» **Records**
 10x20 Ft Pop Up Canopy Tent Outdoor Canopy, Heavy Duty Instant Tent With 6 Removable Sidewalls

==

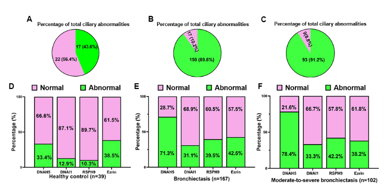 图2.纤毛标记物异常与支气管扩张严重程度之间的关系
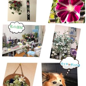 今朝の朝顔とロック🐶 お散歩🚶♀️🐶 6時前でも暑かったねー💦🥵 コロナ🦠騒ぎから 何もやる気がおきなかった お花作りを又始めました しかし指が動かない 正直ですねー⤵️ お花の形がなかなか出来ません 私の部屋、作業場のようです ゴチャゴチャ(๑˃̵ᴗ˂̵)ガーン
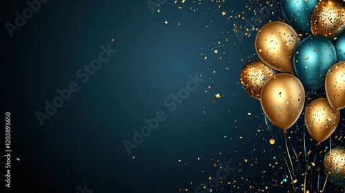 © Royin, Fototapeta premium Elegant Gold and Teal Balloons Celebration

* * *

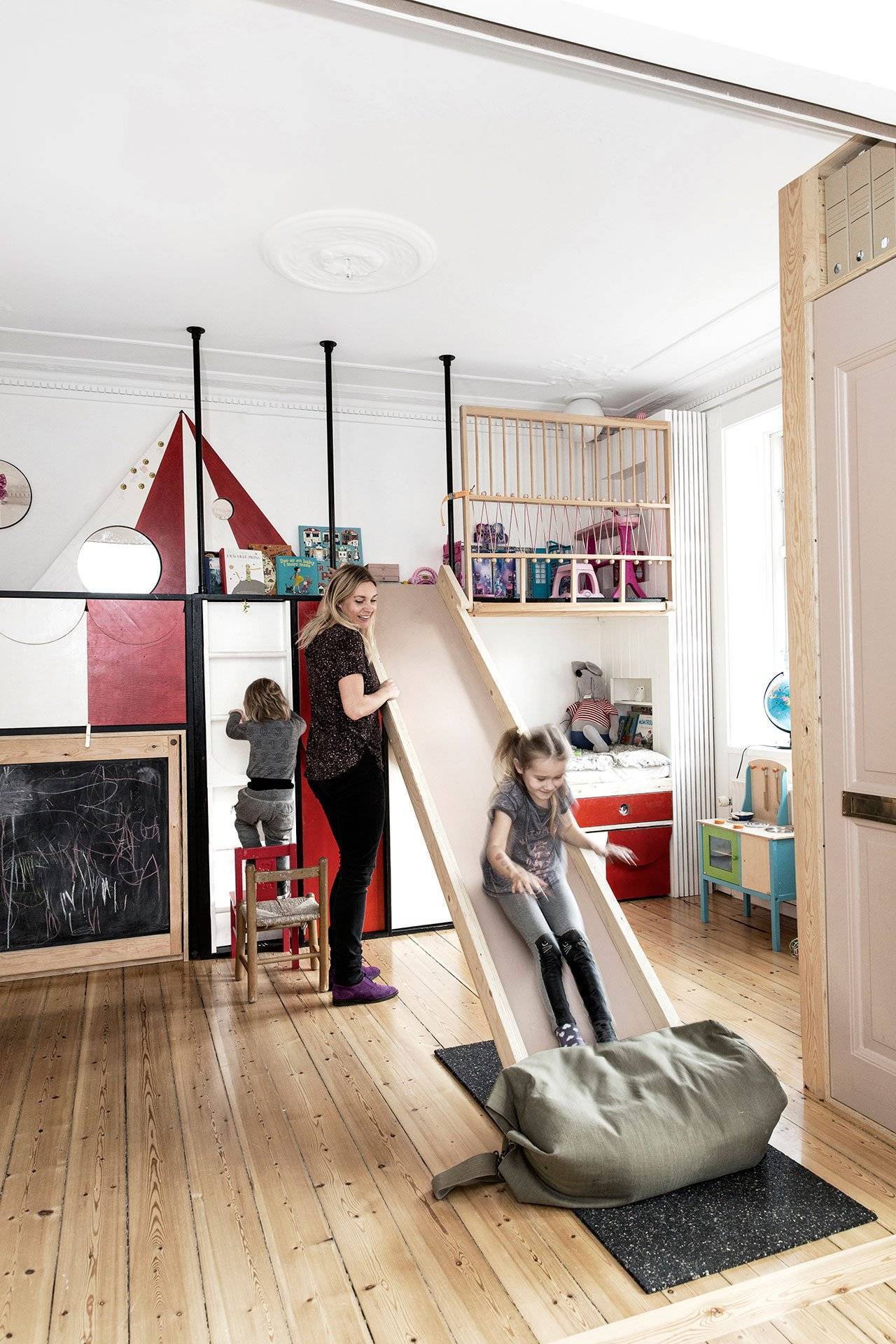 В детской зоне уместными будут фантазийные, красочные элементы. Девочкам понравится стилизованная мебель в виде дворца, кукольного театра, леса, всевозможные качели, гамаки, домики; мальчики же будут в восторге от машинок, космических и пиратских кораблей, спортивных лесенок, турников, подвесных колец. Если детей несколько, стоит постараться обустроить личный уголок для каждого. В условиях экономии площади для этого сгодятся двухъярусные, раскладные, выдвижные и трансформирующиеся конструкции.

» **Exercise aim**
Copy out exactly the lines above beginning with the line that contains "今朝の朝顔とロック🐶 お散歩🚶♀️🐶 6時前でも暑かったねー💦🥵" and finishing with the line that contains "Teal Balloons Celebration", including both; leave the pictures out.

» **Response below**
 今朝の朝顔とロック🐶 お散歩🚶♀️🐶 6時前でも暑かったねー💦🥵 コロナ🦠騒ぎから 何もやる気がおきなかった お花作りを又始めました しかし指が動かない 正直ですねー⤵️ お花の形がなかなか出来ません 私の部屋、作業場のようです ゴチャゴチャ(๑˃̵ᴗ˂̵)ガーン
 © Royin, Fototapeta premium Elegant Gold and Teal Balloons Celebration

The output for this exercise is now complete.